Human Precepts and Teachings
“‘Do not handle, Do not taste, Do not touch’ (referring to things that all perish as they are used) — according to human precepts and teachings?” (Col. 2:22).
Of all the things that could be said about biblical Christianity, one would be hard pressed to accuse it of promoting the idea that the material world is all bad and only the spiritual world is good. God originally made everything very good (Gen. 1:31), and though creation does suffer the effects of the fall, there is nothing inherently good or evil about different foods, sex, and other material things (Mark 7:14–23; 1 Cor. 7).
Historically speaking, many professing Christians have had difficulty accepting this truth, even during the period in which the New Testament was written. Misreading the Old Testament as declaring that certain foods are in themselves eternally unclean, for example, first-century Colossian heretics promoted dietary regulations and other forms of ascetic withdrawal from the world as a means to holiness and freedom from evil spirits (Col. 2:16, 21–22). Such practices were foolish because they denied that in Christ believers have died to the authority and control of Satan and his army, and because submitting to such rules as essential for true freedom just returned power to the Enemy (v. 20; Gal. 5:1). In today’s passage, Paul says that embracing a legalistic lifestyle that takes a little from Judaism, a little from paganism, and a little from Christianity is also foolish because rules about food and drink, when seen in their proper context as part of the regulations of God’s people in infancy (Gal. 3:23–29), deal only with temporary things (Col. 2:20–21). In other words, to invest food laws and similar matters with eternal value for the promotion of true holiness is to treat things temporary as things eternal, and vice versa. Those who do this fail to see that “the kingdom of God is not a matter of eating and drinking but of righteousness and peace and joy in the Holy Spirit” (Rom. 14:17). Dietary regulations were never meant to be eternal but to show the Israelites that on their own they could not even keep the “easy” laws designed to manifest their separation from the world, thereby driving them to faith in Christ, who breaks the slavery of sin and makes us holy.

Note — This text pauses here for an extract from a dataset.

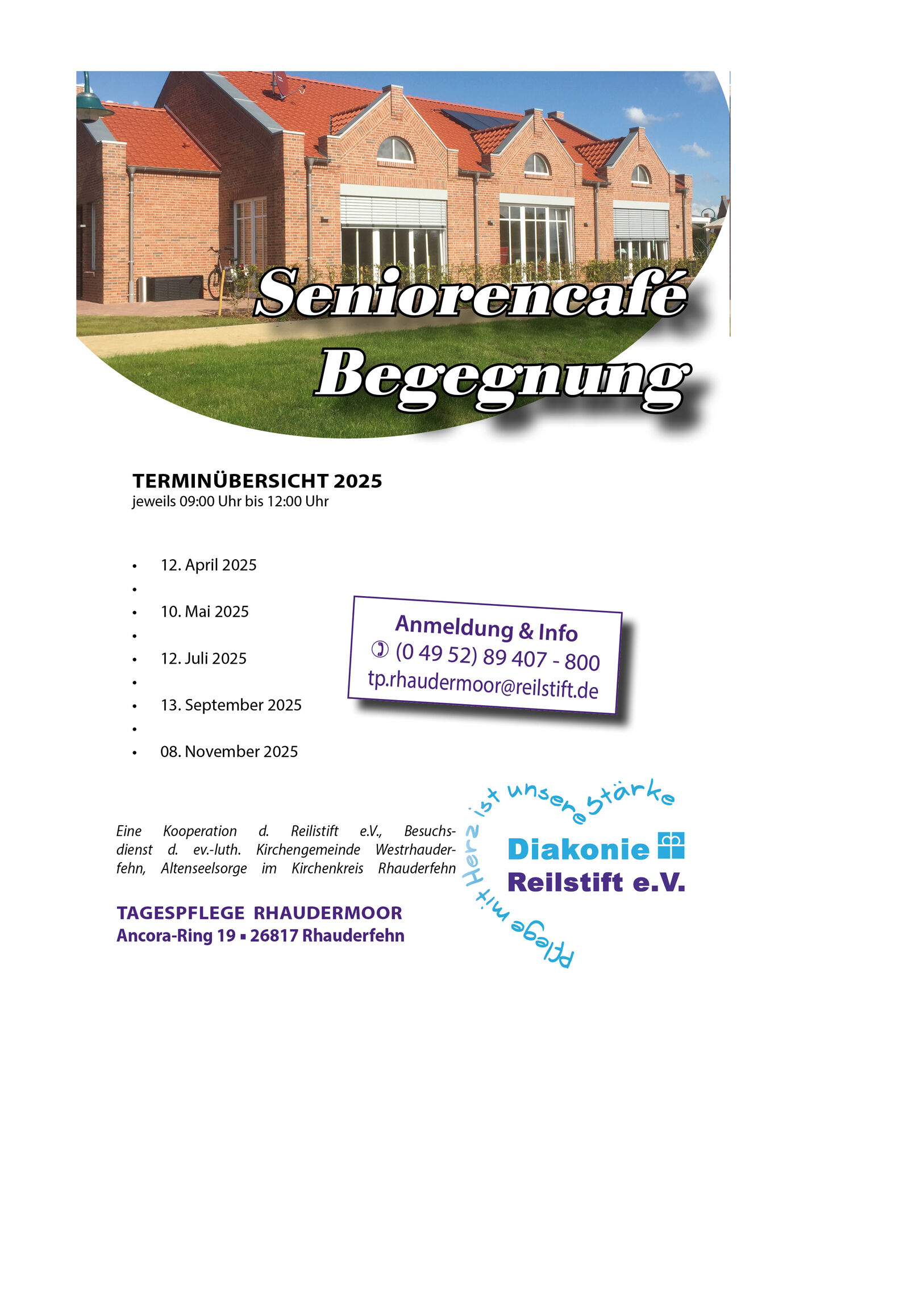 Gemeinsam laden die Altenseelsorge, die Ev. Kirchengemeinde Westrhauderfehn und das Reilstift alle Seniorinnen und Senioren – mit oder ohne Pflegebedarf – sowie pflegende Angehörige herzlich ein, einen entspannten Vormittag miteinander zu verbringen.

What we eat comes and goes, but what is entrusted to Jesus lasts forever. Devotion to Him alone is the only way to eternal life in a new creation wherein both physical and non-physical realities are free from the influence of sin (John 14:6).
Coram Deo
Scripture is actually a repetitive book, and we have seen a glimpse of this in Colossians 2 as Paul reminds us over and over that our obedience to law can do nothing to free us from evil. The Bible needs to be this repetitive because we are thick-headed and prone to try to make ourselves righteous by our own efforts. Jesus alone can make us righteous, and continual turning to Him is the only way to ensure that Satan has no undue influence on us.